One can only wonder how voters would have reacted if Katz had campaigned to take money away from public transit to help build a water park.

The effortless shifting of money by the mayor reveals a policy vacuum at city hall. Simply put, somebody should really try to accurately define what constitutes a tax-supported public amenity.

In this debate, apparently, there is no difference between a public pool and a water park? One might extend that equation and ask whether there there is any difference beween a museum and an IMAX theatre, public garden space and shopping malls. All are centres of community activity, but only some deserve taxpayer support.

In many ways, this is also an extension of the debate about whether to spend large sums of taxpayer meoney on a football stadium. Proponents will argue that without public money, projects like this would never get off the ground. Across North America, that is almost universally true.

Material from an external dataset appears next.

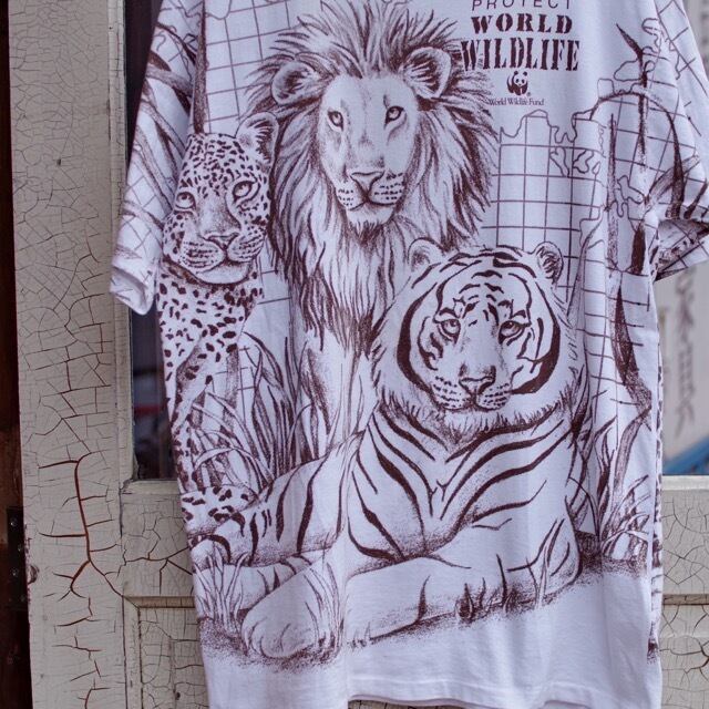 1990s Artex WWF Animal Print T-shirt / Lion Tiger Cheater? /アニマル 総柄 Tシャツ
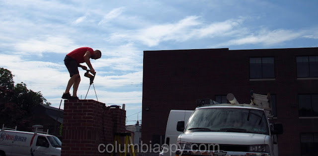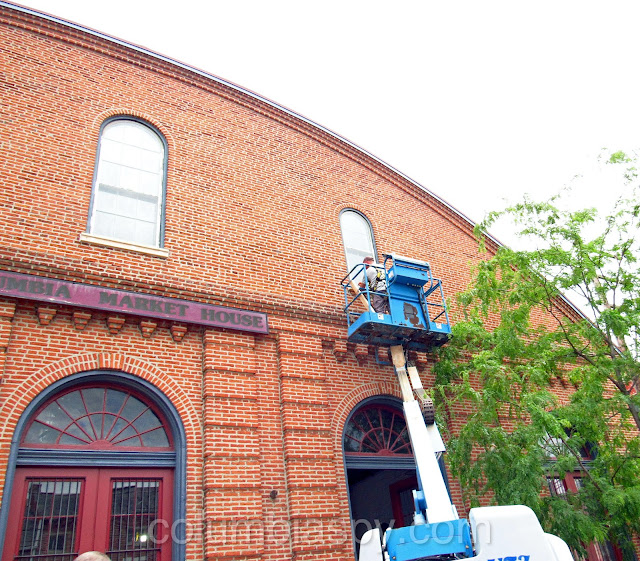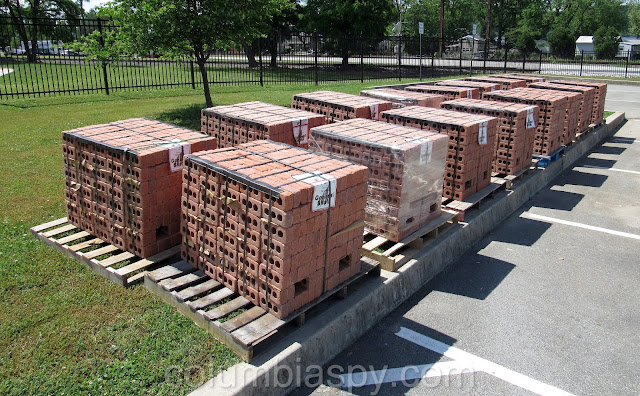 These bricks appeared at the parking lot at the bottom of Locust Street earlier this week. Some residents were concerned that they were placed there to entice looters to use them during protests. There are no reports of that happening. The bricks were intended for the Market House construction project and were later delivered to the site.

The new Central Library in Minneapolis, a spectacular glass and stone monument in the city's downtown, was financed with a combination of $15 million in private donations and a $110 municipal bond. This is the kind of public-private deal that has been employed over and over again to construct everything from hospitals to hockey arenas.

But no matter how you frame this debate, there is a fundamental difference between traditional public amenities -- hospitals, libraries, large sports or cultural facilities -- and a water park.

It's the difference between "attraction" and "amenity." Both can be high-profile and focal points of community activity. But one is a thing we want for our community, and the other is a thing that defines our community.

Many cities have water parks, and they are spectacularly fun, especially if you have children. but it is not the kind of facility that defines a community.

On the other side of the equation, only one city has an Upper Fort Garry Gate and an Old Market Square stage, amenities that many Winnipeggers who still dare to go downtown would be happy to include in a list of things that define this community.

The Winnipeg Foundation has shown remarkable talent in identifying, and supporting, the amenitities that define our coommunity. Perhaps council should look to the foundation for some guidance as it wades into the water park issue.